3. I regret not having had the opportunity to study Marxist economists more thoroughly. Since Marx very early theorized on recurring economic crises and cycles, and believed that they were announcing the final collapse of the capitalist system itself, these concepts always have been part of Marxist economics. However, my first impression is that Marxist thinkers did not use the concept of rhythm until late in the 20th century. Yet, due to the low number of texts I could collect, the question remains open and I hope that it will attract new research.
4. We will see in another volume that the introduction of the concept of rhythm into the neoclassical school of economics in the 1910s met with a huge success which lasted until the 1960s or 1970s, depending on the country. It even penetrated in Germanic countries at the end of the 1920s with Johan Åkerman (1896-1982), Ernst Friedrich Wagemann (1884-1956), Wilhelm Röpke (1899-1966).
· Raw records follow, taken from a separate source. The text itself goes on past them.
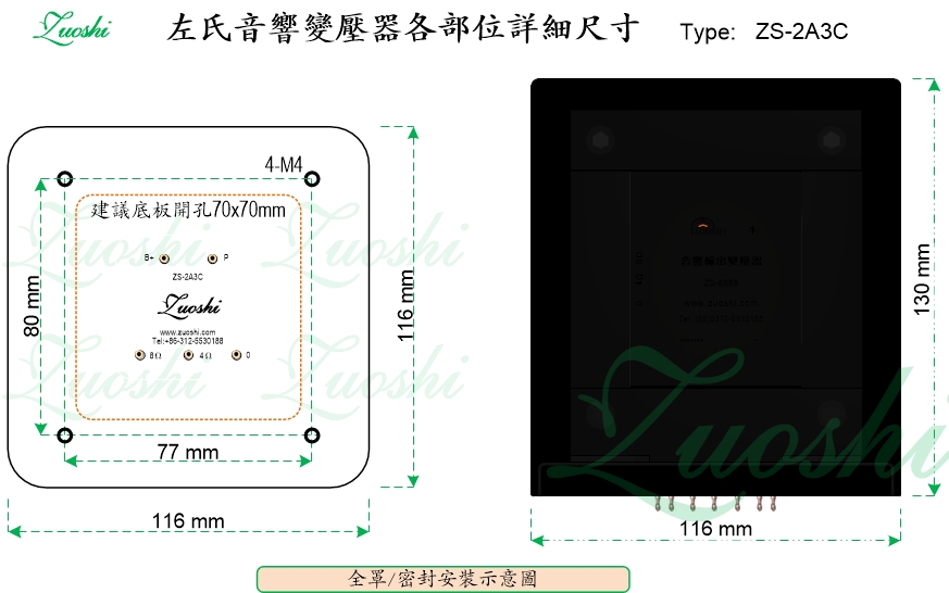 左氏☆ 标称阻抗:2.5KΩ:0-4Ω-8Ω (或2.5KΩ:0-8Ω-16Ω);左氏
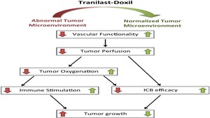 The effects of combined Tranilast-Doxil NF were more effective than all the other five treated groups. The results are summarized in Figure 9, showing the normalization of the TME of TNBC.2 There is an increased function of the blood vessels including more blood flow and therefore, more oxygenation. There is also an increased immune system response and efficiency of immune checkpoint blockades (ICB).2,10 All these positive factors combined change the TME and decrease the growth of the tumor.
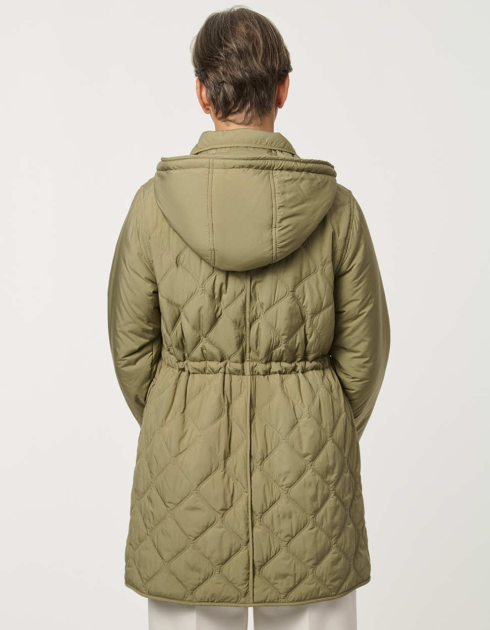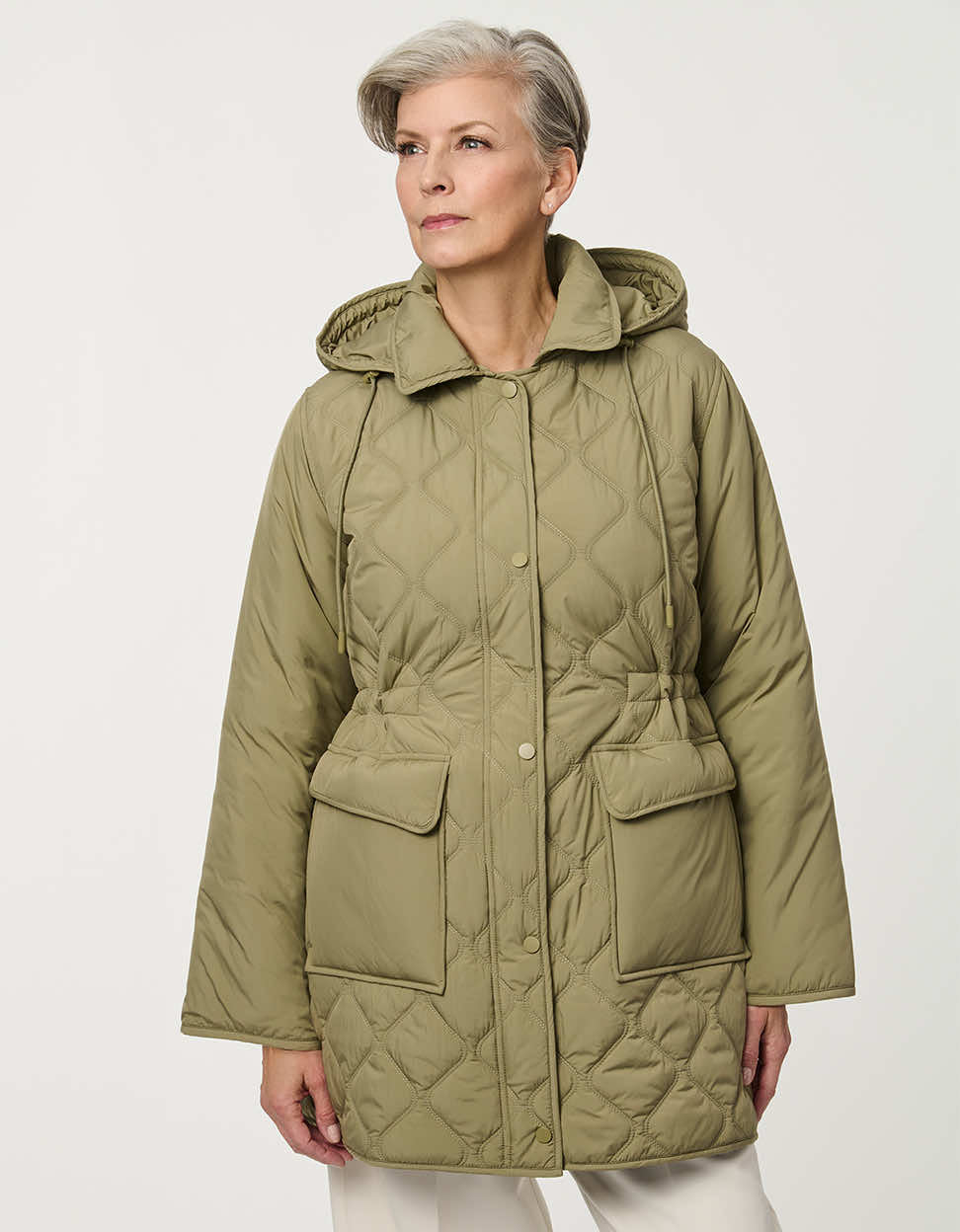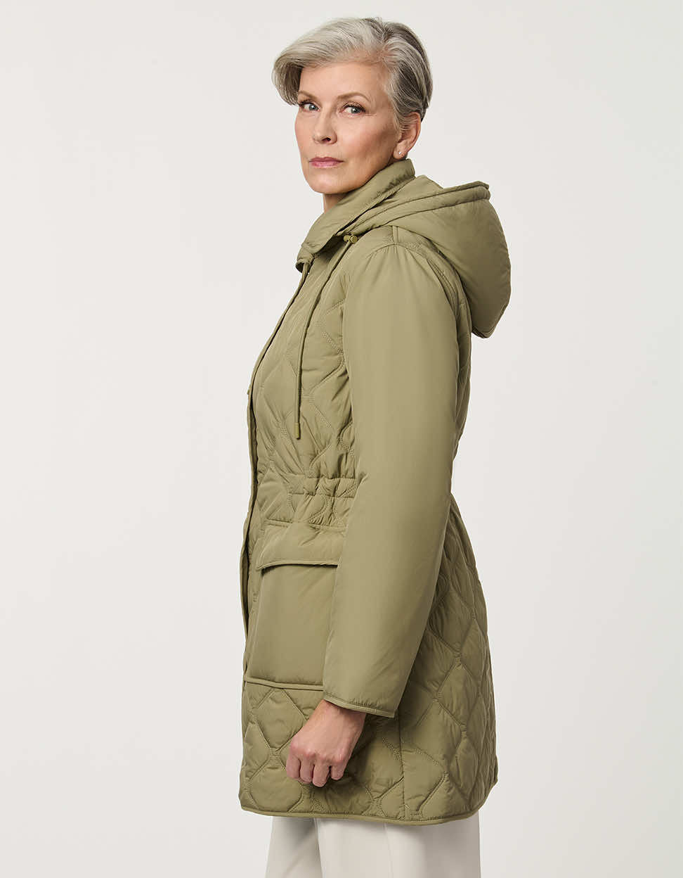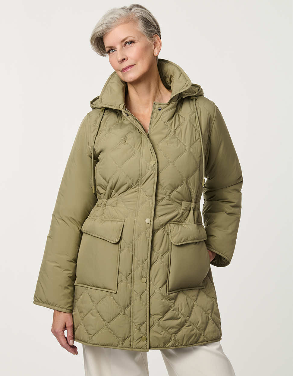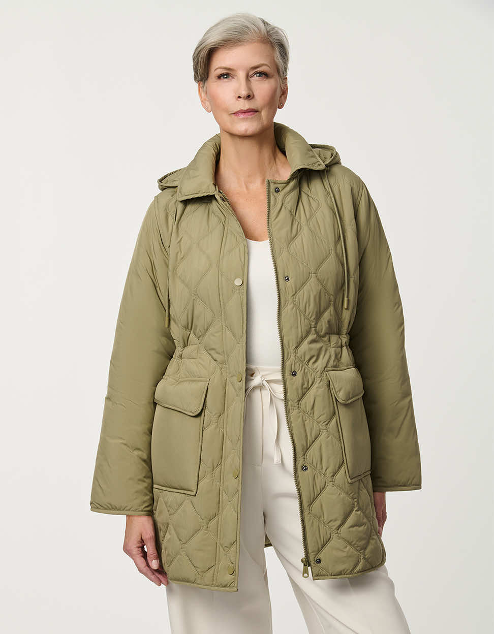 A utilitarian-inspired quilted jacket with a modern sophistication. The Crest Quilted Utility Jacket features functional thoughtfully designed details include functional flap pockets, a front snap closure, and an attached hood for added coverage on cooler days. A drawstring cinched waist offers a customizable flattering shape while maintaining comfort and ease of movement. This effortless jacket is an easy layering piece for transitional spring days.
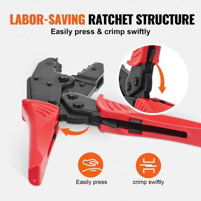 VEVOR Ratcheting Crimping Tool Set For Insulated Electrical Connectors AWG22-10 with Wire Stripper and 210pcs Heat Shrink Tubes Labor-Saving Ratcheting Wire Crimp Pliers
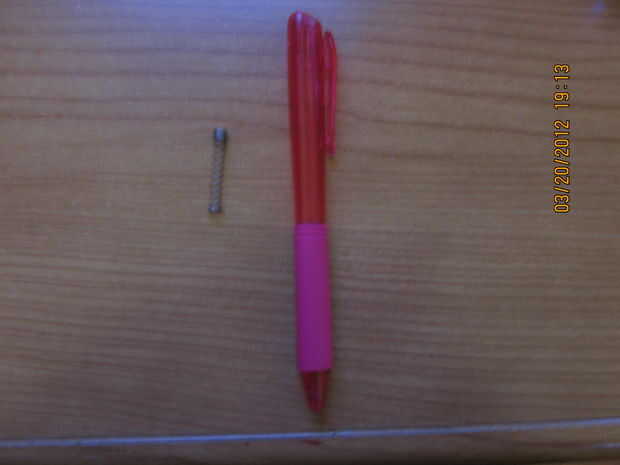 Por lo tanto, viendo que has venido esto lejos te voy a mostrar cómo hacerlo.  Tome el resorte desde el lápiz al azar y caer en el "Pentel Wow! bk440 "caso de la pluma.
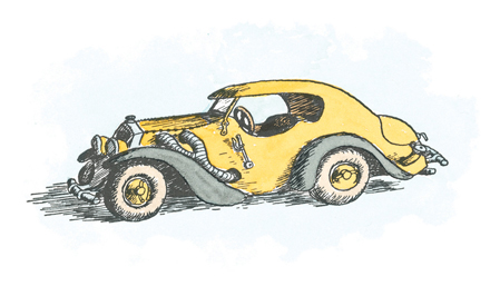 Dr. Carey grabbed the tooth with the pincers again, and this time he pulled so long and so hard and with such determination that the tooth popped out, which was a great relief to everybody, particularly to Mr. Clydesdale. The Doctor then led Stuart into another room. From a shelf he took a tiny automobile, about six inches long—the most perfect miniature automobile Stuart had ever seen. It was bright yellow with black fenders, a streamlined car of graceful design. “I made this myself,” Dr. Carey said. “I enjoy building model cars and boats and other things when I am not extracting teeth. This car has a real gasoline motor in it. It has quite a good deal of power—do you think you can handle it, Stuart?”
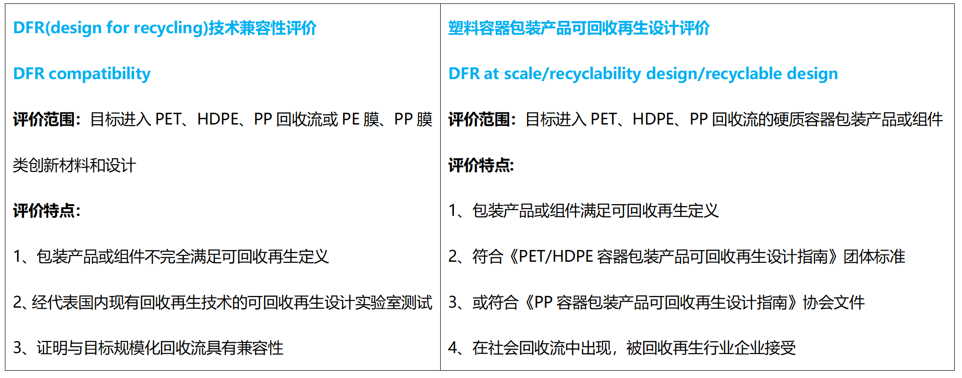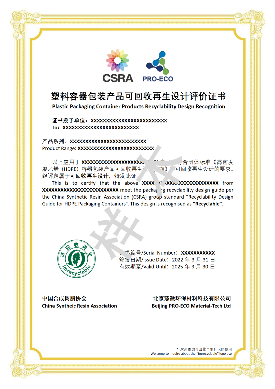 ในเดือนมีนาคม 2022 กลุ่มสมาคมเรซินสังเคราะห์แห่งประเทศจีนได้กำหนดมาตรฐาน "คู่มือการออกแบบสำหรับการรีไซเคิลและการรีไซเคิลบรรจุภัณฑ์และผลิตภัณฑ์บรรจุภัณฑ์โพลีเอทิลีนเทเรฟทาเลต (PET)" และ "คู่มือการออกแบบสำหรับการรีไซเคิลและการรีไซเคิลบรรจุภัณฑ์และผลิตภัณฑ์บรรจุภัณฑ์โพลีเอทิลีนความหนาแน่นสูง (HDPE)" เปิดตัวอย่างเป็นทางการ พร้อมเปิดตัว "การประเมินการออกแบบบรรจุภัณฑ์รีไซเคิลได้ของผลิตภัณฑ์บรรจุภัณฑ์พลาสติก" และออกกรณีการออกแบบผลิตภัณฑ์ที่ได้รับการประเมินชุดแรก

During the inter-war period, it spread in France with Albert Aftalion, Jean Lescure (1882-1947) and Bertrand Nogaro (1880-1950), and in the United States through Warren M. Persons (1878-1937) and Charles J. Bullock (1869-1941), who founded in 1917, under Mitchell’s influence, the Harvard University Committee of Economic Research, which was the first research institution on business cycles to win recognition from the scientific world. The notion of rhythm, in its new sense, was even often used by the late Historical school member, Austrian born, Joseph Schumpeter (1883-1950), who taught at Harvard since 1932 and published in 1939 his world famous Business cycles: a theoretical, historical, and statistical analysis of the capitalist process.